Первая беседа патриарха Фотия по случаю нашествия россов(Выражение «по случаю нашествия россов» является оригинальным заглавием бесед, а не добавлено П. Успенским.)
В первом разделе среди риторики мы находим: «И как не терпеть нам страшных бед, когда мы убийственно рассчитались с теми, которые должны были нам что-то малое, ничтожное». Здесь явное указание, подкрепляемое и дальнейшим, что какие-то руссы были убиты в Константинополе из-за ничтожного долга. Из выражения «должны были нам» трудно понять, были ли убитые русские должны грекам частным лицам, или были должниками греческого государства.
Далее: «Не миловали ближних: напротив, как только избавлялись от тяготевших над нами устрашений и опасностей, поступали с ними гораздо суровее, не помышляя ни о множестве и тяжести собственных долгов, ни о прощении их Спасителем, и не оставляя сорабам малейшего долга, которого и сравнить нельзя с нашими долгами. Многие и великие из нас получали свободу (из плена) по человеколюбию: а мы немногих молотильщиков бесчеловечно сделали своими рабами».
И в этом отрывке явно сквозит упрек Фотия соотечественникам за бесчеловечность в отношении руссов. К сожалению, он говорит намеками, ибо говорит о фактах, в то время всем известных. Он указывает на неблагородство поведения греков: сами они, даже знатного происхождения, получали свободу из плена просто по человеколюбию, а когда молотильщики хлеба (очевидно, руссы) оказались несостоятельными должниками, – греки превратили их в рабов.
Во втором отделе мы находим: «Да теперь я не вижу и пользы от слез. Ибо, когда перед нашими глазами мечи врагов обагряются кровью единоплеменников наших, и когда мы, видя это, вместо помощи им, бездействуем, потому что не знаем, что и делать»… Отсюда следует, что Царьград был в полной растерянности и не оказал населению пригородов никакой помощи.
Далее имеется замечательный, но совершенно непонятный нам из-за незнания событий отрывок: «Почему ты (подразумевается вообще грек) острое копье друзей своих презирал, как малокрепкое, а на естественное сродство плевал, и вспомогательные союзы расторгал, как бешеный, как озорник и бесчеловечный человек?»
В этом отрывке ясно, что речь идет о чем-то общегосударственном, и недаром П. Успенский толкует место об остром копье друзей, как указание на недоучитывание силы руссов, бывших дотоле друзьями Византии.
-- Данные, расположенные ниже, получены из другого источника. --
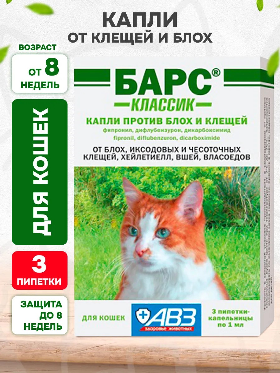 АВЗ Барс Классик капли от клещей и блох для кошек 3 пипетки
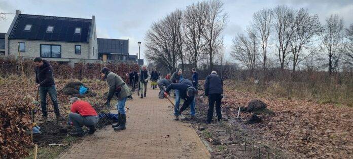 Liesbeth Rischen: ‘Het was een dag van samen werken én ontmoeten. Vrijwilligers hielpen elkaar bij het berekenen van de plantafstand, het graven en het stuk voor stuk inplanten van elke haag. Tussendoor werden verhalen gedeeld, nieuwe contacten gelegd, genoten van soep en cake. Kinderen hielpen vrolijk lachend fanatiek mee met het verspreiden van houtsnippers. Hun energie werkte aanstekelijk en zorgde voor een vrolijke noot door het hele park. Er werd hard en snel gewerkt.’
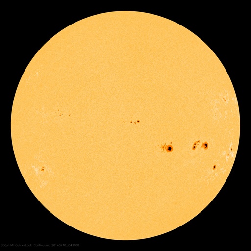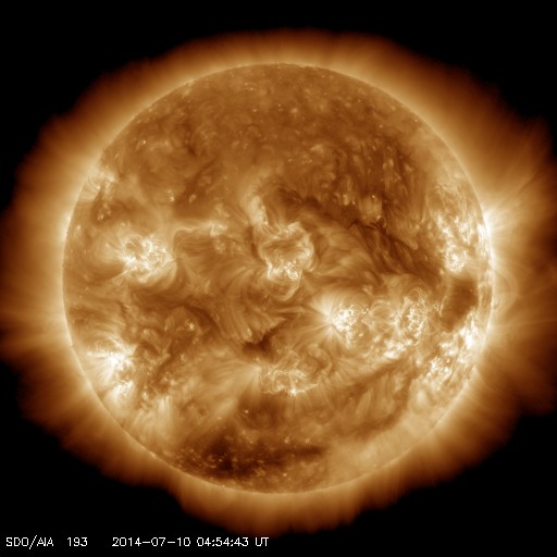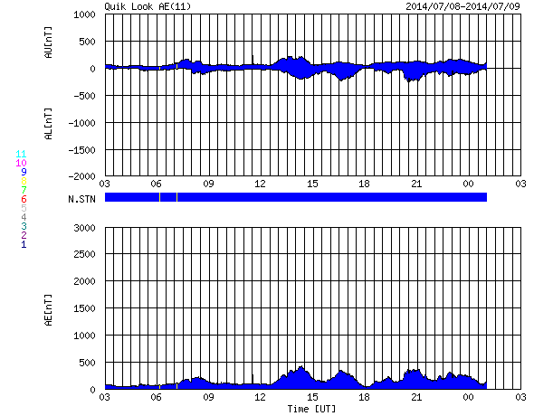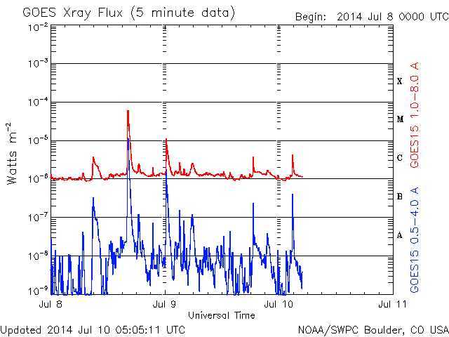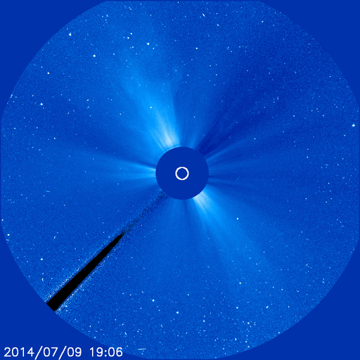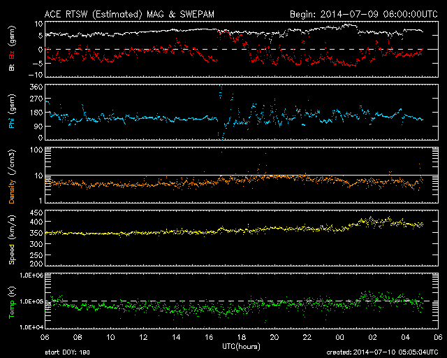 2014/ 7/10 14:30 更新 太陽でCMEが噴出しています。太陽風は380km/秒に少し上がっています。 担当 篠原 昨日お知らせした2つのMフレア以降、 2113黒点群では、C3.1、C2.7の 小規模フレアが発生した程度です。 一方、西の端に近づいた、 2104黒点群でC5.0、2106黒点群でC5.7と、 やや大きいCクラスのフレアが発生しています。 そして、10日3時(世界時9日18時)頃に、 太陽中央部の2111黒点群付近で 爆発現象が発生した様で、 SOHO衛星LASCO C3によるとCMEが噴出しています。 CMEは主に左上に向かっていますが、 発生地点を考えると、 地球へもある程度の太陽風の変化が やって来るかもしれません。 到来すると、3〜4日後の7月13〜14日頃でしょうか。 太陽風は、350km/秒から380km/秒へ少しあがり、 平均的な速度に戻っています。 磁場強度も5nTから7〜8nTに少し上がっていて、 速度がもう少し高まるかもしれません。 磁場の南北成分は、南向きの時間帯が長くなっています。 このため、磁気圏の活動も少し高まって、 AE指数は300〜400nTの小規模の変化が頻繁に起きています。 この後、太陽風がどのように推移するのか注目して下さい。 台風8号は、速度が遅かったために、 鹿児島へ上陸する前に弱まってしまい、 こちらでは、特別に強い風にも 強い雨にもなりませんでした。 現在は、雲は厚いですが、雨も風もなく静かです。 学校のLANが停止しているため、今日は手動更新で、 作業がたいへんでした。 ![]() 太陽から左上に向かって噴き出すCME。SOHO衛星LASCO C3。 (c) SOHO (ESA & NASA)、 (動画加工 : 宇宙天気ニュース) ![]() SDO衛星のAIA193カメラによる太陽コロナの様子 (c) SDO (NASA) ![]() SDO衛星による太陽の可視光写真。マウスの矢印を写真に重ねると、黒点番号付きの写真に切り替わります。 (c) SDO (NASA) ![]() GOES衛星の太陽X線データ (c) NOAA/SWPC ![]() ACEが観測した太陽風の磁場(1番上の枠、白線は全体の強度、赤線は南北成分) および、太陽風の密度(3番目の橙線)、速度(4番目の黄線) (c) NOAA/SWPC ![]() リアルタイムAE指数 下段のAEグラフの値が高くなると、オーロラ活動が活発化しています。 (c) 京都大学, NICT ![]() | ||||||||||||||||||||||||||||||||||||||||||||||

Вполне возможно, что и выражение «вспомогательные союзы» также относится к руссам, договор с которыми греки расторгли. К сожалению, выражение «естественное сродство» остается темным, и возможно, из-за несовершенства перевода Успенского.
В третьем отделе беседы нет ничего для нас интересного.
В четвертом мы находим: «Горько мне от того, что я дожил до таких несчастий; от того, что мы сделались поношением соседей наших, подражнением и поруганием окружающих нас; от того, что поход этих варваров схитрен был так, что и молва не успела оповестить нас, дабы мог кто-либо подумать о безопасности, и мы услышали о них уже тогда, когда увидели их, хотя и отделяли нас от них столькие страны и народоначальства, судоходные реки и пристанищные моря. Горько мне от того, что я вижу народ жестокий и борзый, смело окружающий наш город и расхищающий предместья его. Он разоряет и губит все: нивы, жилища, пажити, стада, женщин, детей, старцев, юношей, всех сражая мечем, никого не милуя, ничего не щадя. Погибель всеобща. Он, как саранча на ниве и как ржавчина на винограде, или страшнее, как жгучий зной, тифон, наводнение, или не знаю, что и сказать, явился в стране нашей и сгубил жителей ее».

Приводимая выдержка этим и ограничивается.